Yet, there very little evidence to indicate how much reflecting a teacher should do or how she should go about it. Research—and there is little published recently on the subject—suggests that the amount of reflection a teacher does or how she records that reflection is not as important as the timing. Teachers who wait to reflect, rather than reflecting immediately after presenting a lesson or unit, may not be as accurate as those who record their thoughts immediately. In other words, if a teacher's reflection is distanced by time, that reflection may revise the past to fit a present belief.

'Reflect-in-Action'

Teachers spend so much time preparing for and delivering lessons that they often fail to record their reflections on lessons in journals unless required. Instead, most teachers "reflect-in-action," a term coined by philosopher Donald Schon in the 1980s. This is the kind of reflection that occurs in the classroom in order to produce a necessary change at that moment.

Reflection-in-action contrasts with reflection-on-action, in which the teacher considers his actions soon after instruction in order to be able to make adjustments for similar teaching situations in the future.

Methods of Teacher Reflection

Despite the lack of concrete evidence supporting reflection in teaching, educators are generally required by many school districts to reflect on their practice as part of the teacher-evaluation process. There are many different ways that teachers can include reflection to satisfy evaluation programs and enhance their professional development, but the best method may be one where the teacher reflects frequently.

A daily reflection, for example, is when teachers take a few moments at the end of the day to debrief on the day's events. Typically, this should not take more than a few moments. When they practice this kind of reflection over a period of time, the information can be illuminating. Some teachers keep a daily journal while others simply jot down notes about issues that they had in class.

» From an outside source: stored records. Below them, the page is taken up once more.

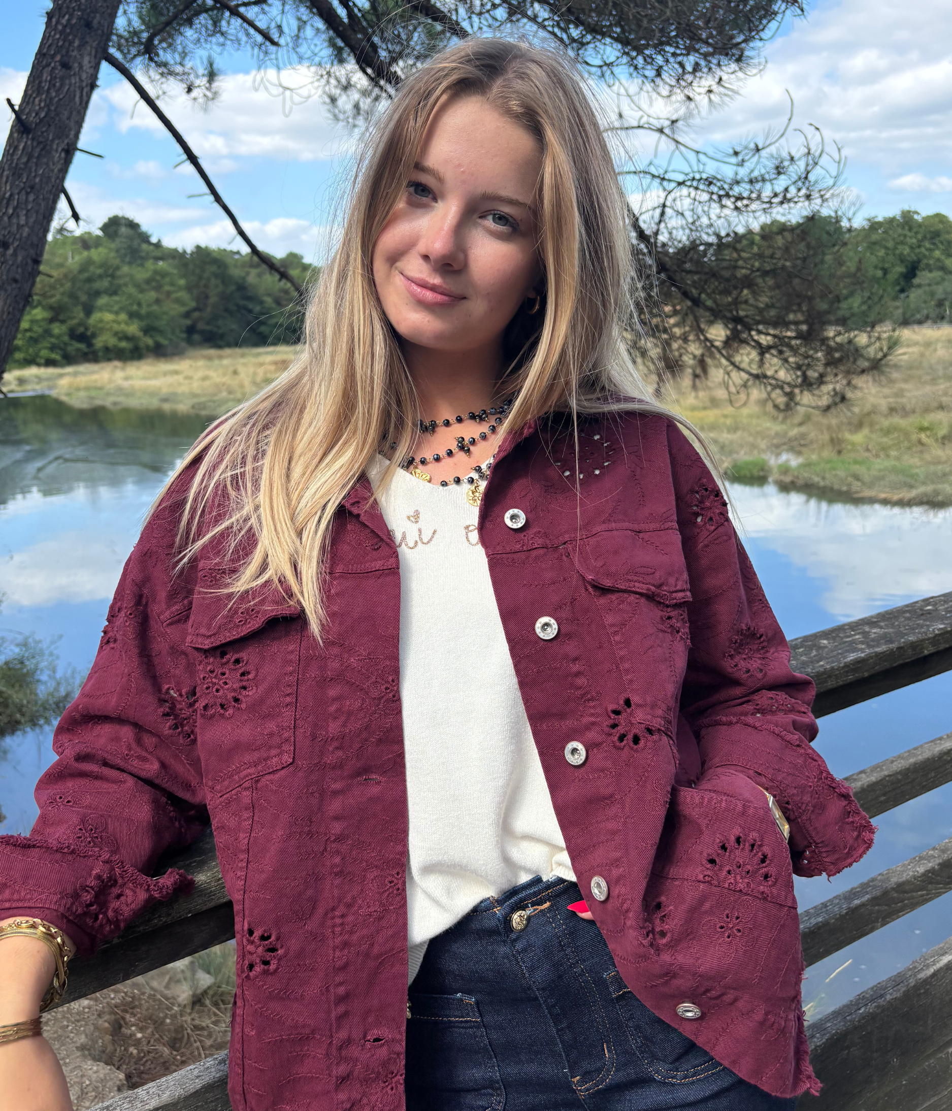 Cette veste est confectionnée en 100% coton, une matière douce, naturelle et agréable à porter. Sa coupe droite et légèrement oversize offre un tombé fluide et confortable. On craque pour ses broderies florales ajourées, ses poches plaquées sur la poitrine, ses bords effilochés et ses manches longues retroussables pour un effet décontracté.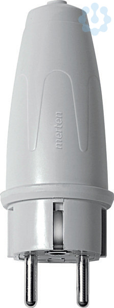 Mit deutschem und französisch/belgischem Schutzkontakt. Spritzwassergeschützt. Große Ausführung, mit Knickschutztülle. Farbe grau.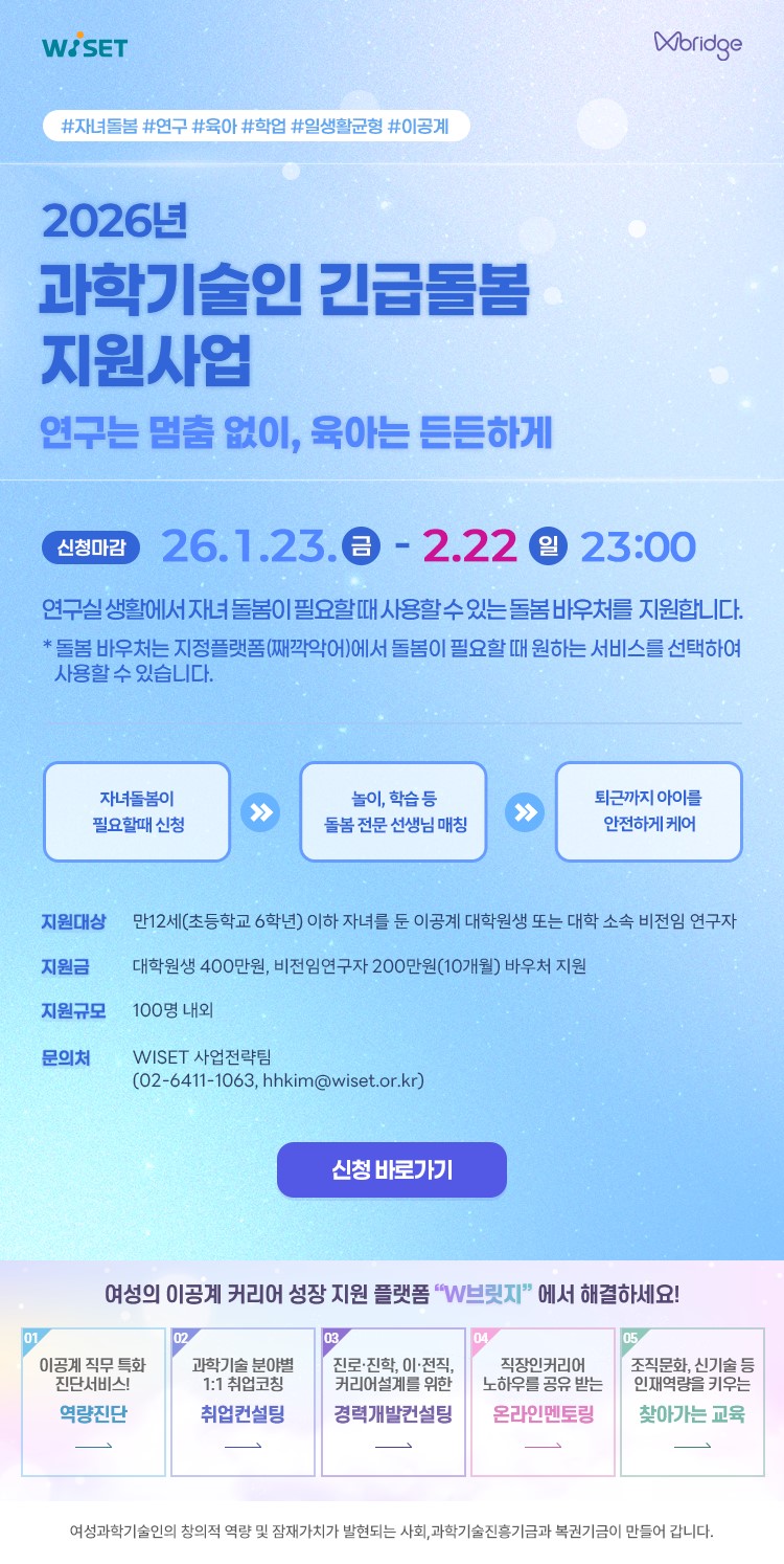 [WISET] 2026년 과학기술인 긴급돌봄 지원사업 참여자 모집 안내(~2/22)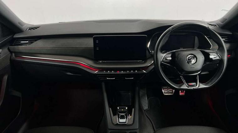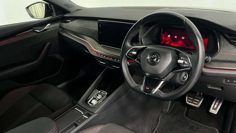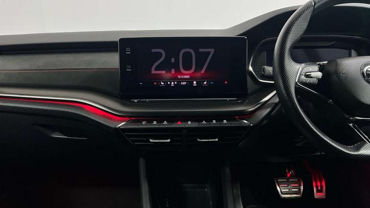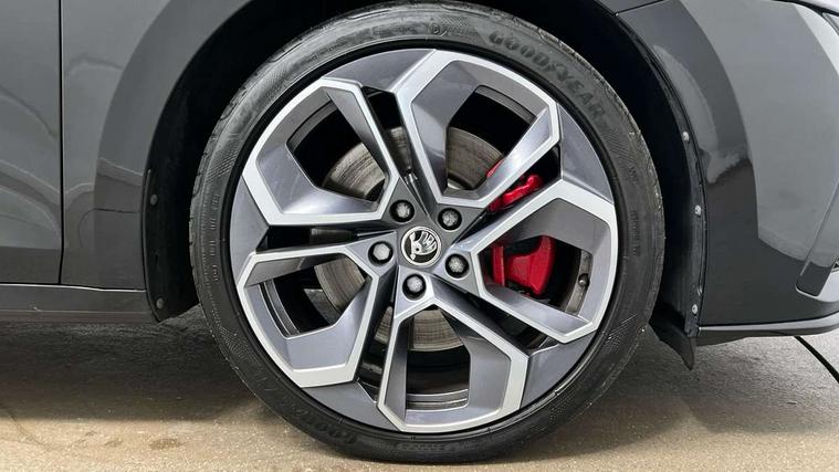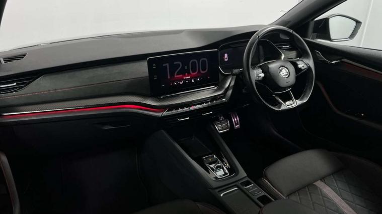 1x USB Type C port in rear view mirror (charging only), 2x USB Type C ports in rear of front centre armrest (charging only), Bluetooth system, Columbus satellite navigation with 10" touchscreen display, Driver fatigue sensor, eCall emergency system, Front and rear parking sensors with manoeuvre assist, Front assist system, Progressive dynamic steering, Speed limiter, Turn Assist, Virtual Cockpit - 10.25" digital display, Virtual pedal with electrically operated boot door (Rear LED lights (high functionality), dynamic indicators, Voice control system, Wireless SmartLink for Apple Car Play, Electronically controlled limited slip differential, Front and rear stabilizers, 2x USB Type C ports (for charging and data transfer), 8 Speakers, DAB Digital radio, Aero front windscreen wipers with intermittent function, Auto dimming rear view mirror, Body colour door handles, Chrome exhaust tailpipes, Door sills with vRS logo, Electric front and rear windows, Exterior gloss black sports styling including front grille, side strip, window surrounds, door mirror and badging, Full LED Matrix headlights with AFS, rear LED lights (high functionality) and dynamic indicators and cornering front fog lights, Headlight washers, Heated rear windscreen, High level third brake light, Ice scraper in fuel cap, LED daytime running lights, Rain and light sensors, Rear fog light on one side, Rear privacy glass, Rear side wing doors, vRS bumpers and lip spoiler, 3 rear headrests, 3 seat bench in 2nd row, 4 foldable roof handles, Aluminium pedals, Black headlining, Black microsuede padded dash panel with red contrast stitching, Chrome inner door handles, Front centre armrest, Front head restraints, Heated front seats, Illuminated glovebox, Leather trimmed gearshift lever, Luggage compartment lighting x1 light, Mechanical rear seat release, Parcel shelf - folding, Single front passenger seat, Sunglasses storage, Textile floor mat set, Three spoke leather sports multifunction steering wheel with paddles, Ticket holder, Umbrella in door panel, Unsplit rear bench seat and split folding backrest, LED interior light pack - Octavia, 3 point front/outer rear seatbelts+pre-tensioners, Alarm with interior monitoring, tilt sensor and back up horn, Automatic door unlocking in case of crash, Automatic fuel cut off in case of crash, Automatic warning lights in case of emergency braking, Curtain airbags and front side airbags, Driver and front passenger airbags, Drivers knee airbag, Electronic parking brake, ESC including ABS, EBV, MSR, ASR, EDS, HBA, DSR, Front and rear disc brakes, Front central airbag, Hill hold control, Hill start assist, ISOFIX on front passenger seat and outer rear seats, Manual rear child locks, Passenger airbag deactivate switch, Pro active services, Red brake calipers, Two tone horn, Tyre pressure monitor, Visual and acoustic seat belt reminder, Warning reflectors in front door, Door locks with immobiliser, Keyless entry and start/stop including rear doors, Remote central locking, Carbon optic decorative inserts, Gloss black air vent surrounds, 19" Altair anthracite alloy wheels,

At the end of a teaching unit, once the teacher has graded all assignments, he may want to take some time to reflect on the unit as a whole. Answering questions can help guide teachers as they decide what they want to keep and what they want to change the next time they teach the same unit.

Sample questions can include:

  • Which lessons in this unit worked and which didn't?
  • With which skills did students struggle the most? Why?
  • Which learning objectives seemed the easiest for students? What made those work better?
  • Were the results of the unit what I had expected and hoped for? Why or why not?

At the end of a semester or school year, a teacher may look back over the students' grades in order to try and make an overall judgment about the practices and strategies that are positive as well as areas that need improvement.

What to Do With Reflections

Reflecting on what went right and wrong with lessons and units—and classroom situations in general—is one thing. However, figuring out what to do with that information is quite another. Time spent in reflection can help ensure that this information can be used to produce real change and for growth to occur. 

There are several ways teachers can use the information they learned about themselves through reflection. They can:

  • Reflect on their successes, find reasons to celebrate, and use these reflections to recommend actions they need to take to ensure success for students in next year's lessons;
  • Individually or collectively reflect on areas that need improvement and look for areas where lessons did not have the desired academic impact;
  • Reflect on any housekeeping issues that arose or areas where classroom management needed some work. 

Reflection is an ongoing process and someday the evidence may provide more specific guidelines for teachers. Reflection as a practice in education is evolving, and so are teachers.